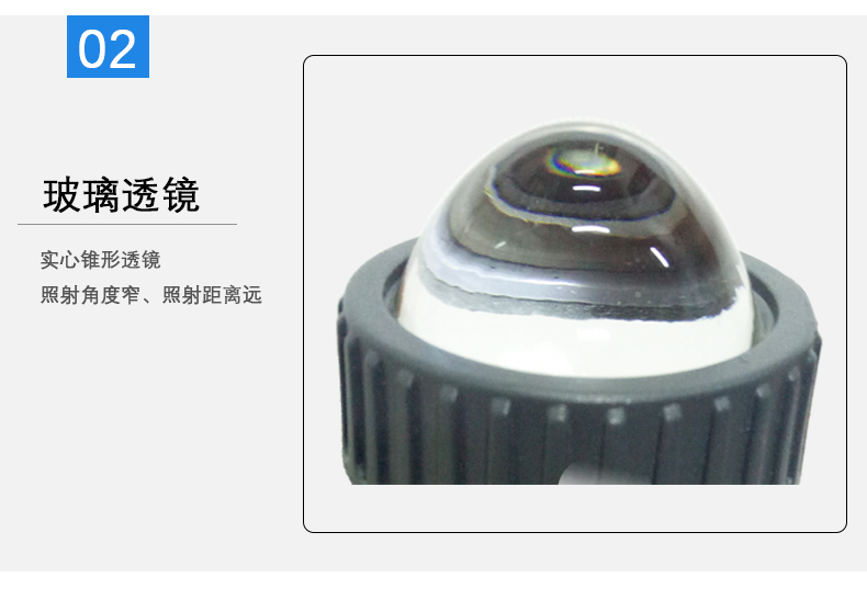 2、實心錐形透鏡,照射角度窄、照射距離遠
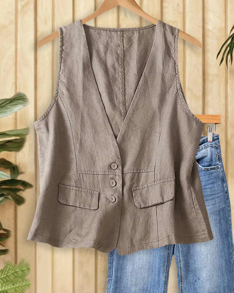 Mint Boutique Solid Color V Neck Commuting Single Breasted Vest
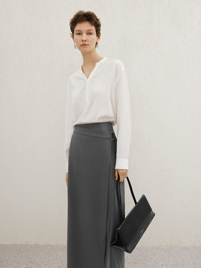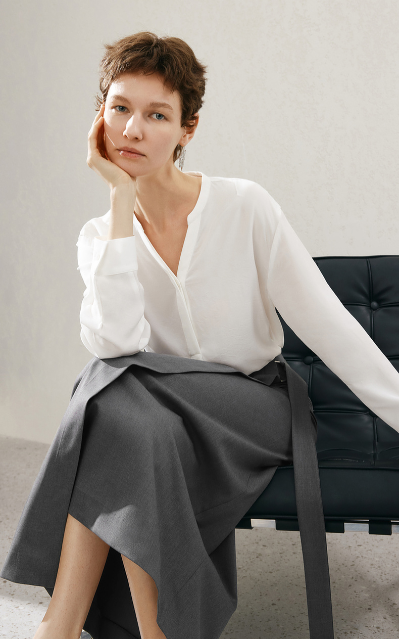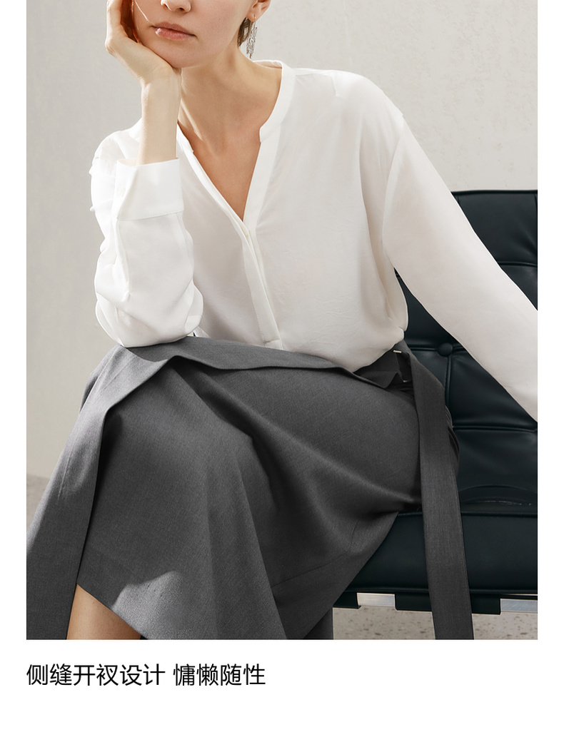 【商场同款】麦檬春秋醋酸冰丝凉感V领小上衣5F2220381
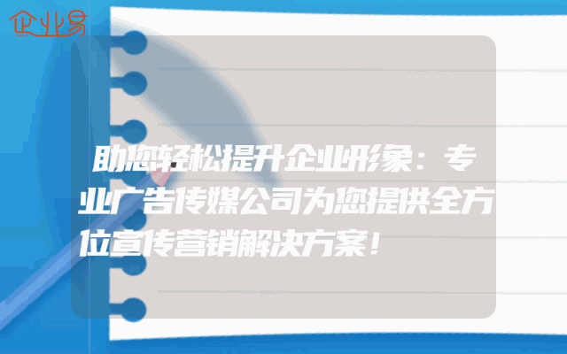- 助您轻松提升企业形象:专业广告传媒公司为您提供全方位宣传营销解决方案!

> Task requirements:
Write the listing above out again exactly, dropping each image.

> Task output:
 2、實心錐形透鏡,照射角度窄、照射距離遠
 Mint Boutique Solid Color V Neck Commuting Single Breasted Vest
 【商场同款】麦檬春秋醋酸冰丝凉感V领小上衣5F2220381
- 助您轻松提升企业形象:专业广告传媒公司为您提供全方位宣传营销解决方案!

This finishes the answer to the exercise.